"How many tramps are riding trains?"

"I don't see all the trains, so I can't tell you; but I never seen a freight yet that wasn't carryin' at least five bums, 'n' I've seen some carryin' over a hundred In summer there's most as many bums as passengers."

"Is there much robbing of cars going on?"

"Not so much as there might be. The blokes are drunk most of the time, 'n' they let chances go by. If they'd keep sober, 'n' look up good fences, they could do a nice little business."

"Do the police trouble you much?"

"When they round up a camp they're pretty warm, but I don't see much o' them 'cept then. 'Course you wants to look out fer 'em when a train pulls into division yards, 'cause 'f yer handy they'll pinch you; but they ain't goin' to run after you very far. I've heard that they have orders to let the bums ride, so long as there ain't too much swipin' goin' on. The company don't care, some people say."

The trainman that I interviewed was a freight-train conductor who had been in the employ of the company over twenty-five years.
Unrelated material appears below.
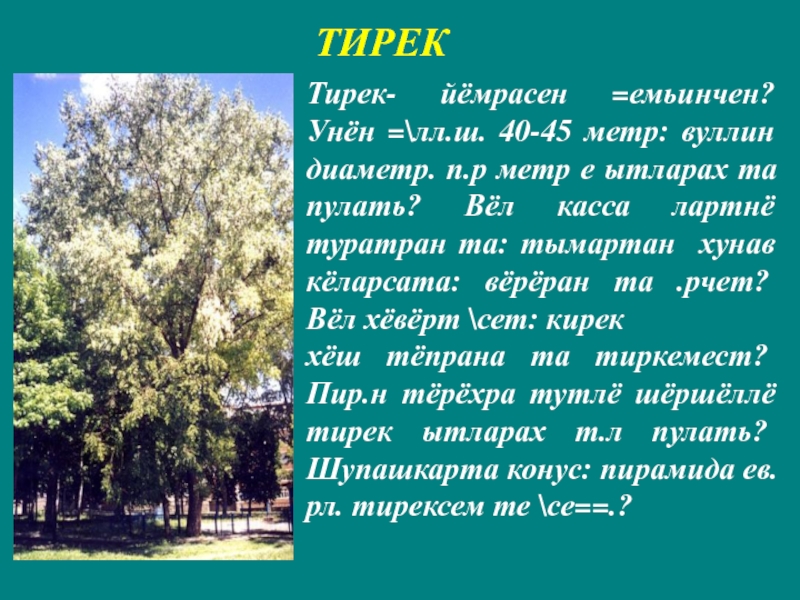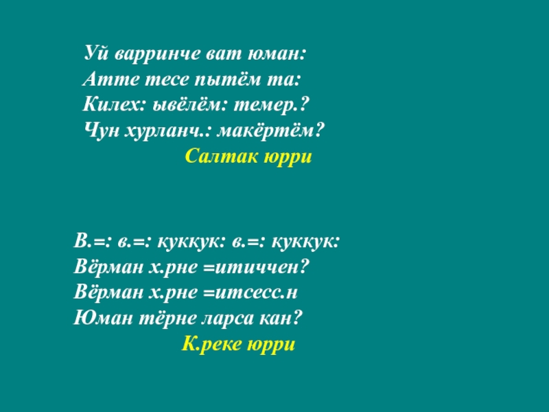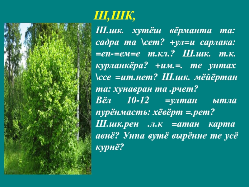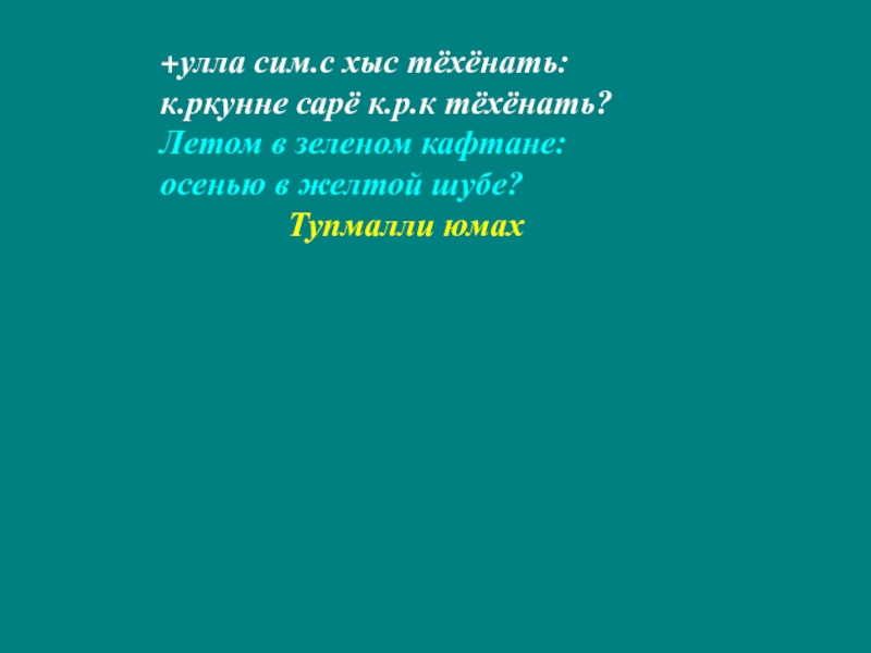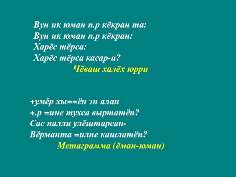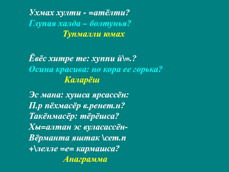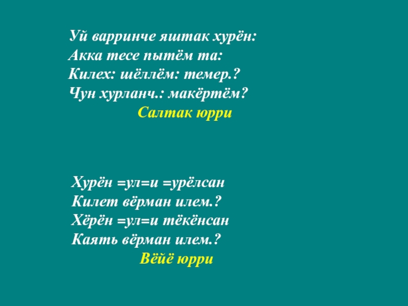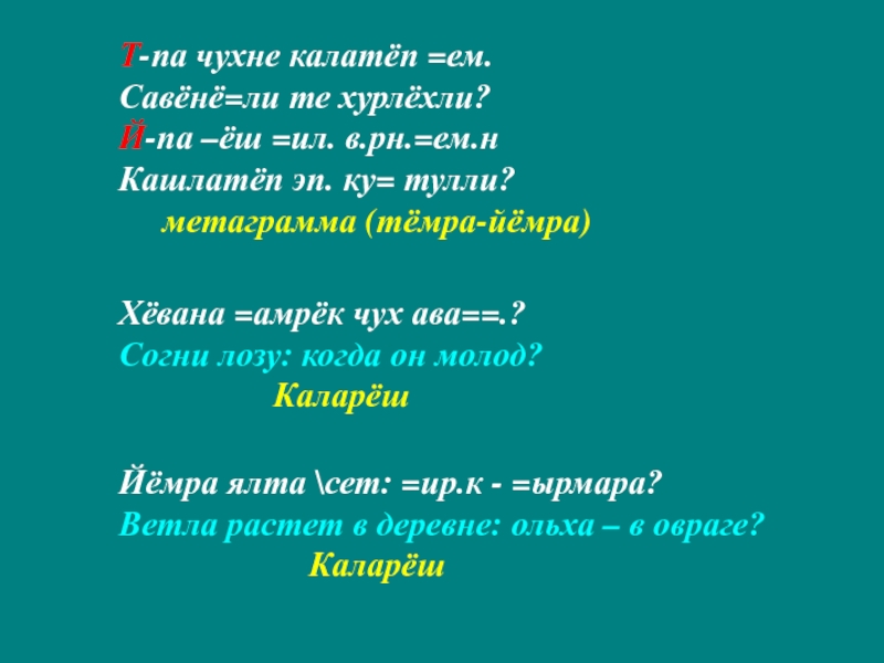 пурёнать? +ул=исем =утё хёмёр: хура хёмёр т.сл.? Чечек. вёрём хёлха =акки ев.рл.? Ёвёслёха пакша иленет: йывё= хёвёл.нче т.рл. кайёк йёва =авёрать: хуппине мулкач юратать? Тип. ёвёсран пураланё п\рт =ир.п?

I asked him whether he had instructions to keep trespassers off his trains.

"I got the instructions all right enough," he said, "but I don't follow them. I'm not a policeman for the road. I'm a conductor, and I only draw a salary for being that, too. When I was green I used to try to keep the bums off my trains, but I nearly got my head shot off one night and stopped after that. It's the detectives' business to look after such people."

"Do you see much of the detectives?"

"Once in awhile one of them shows up on my trains, but I've never seen them make any arrests. One of them got on my train one day when I was carryin' fifty tramps, and he never went near them."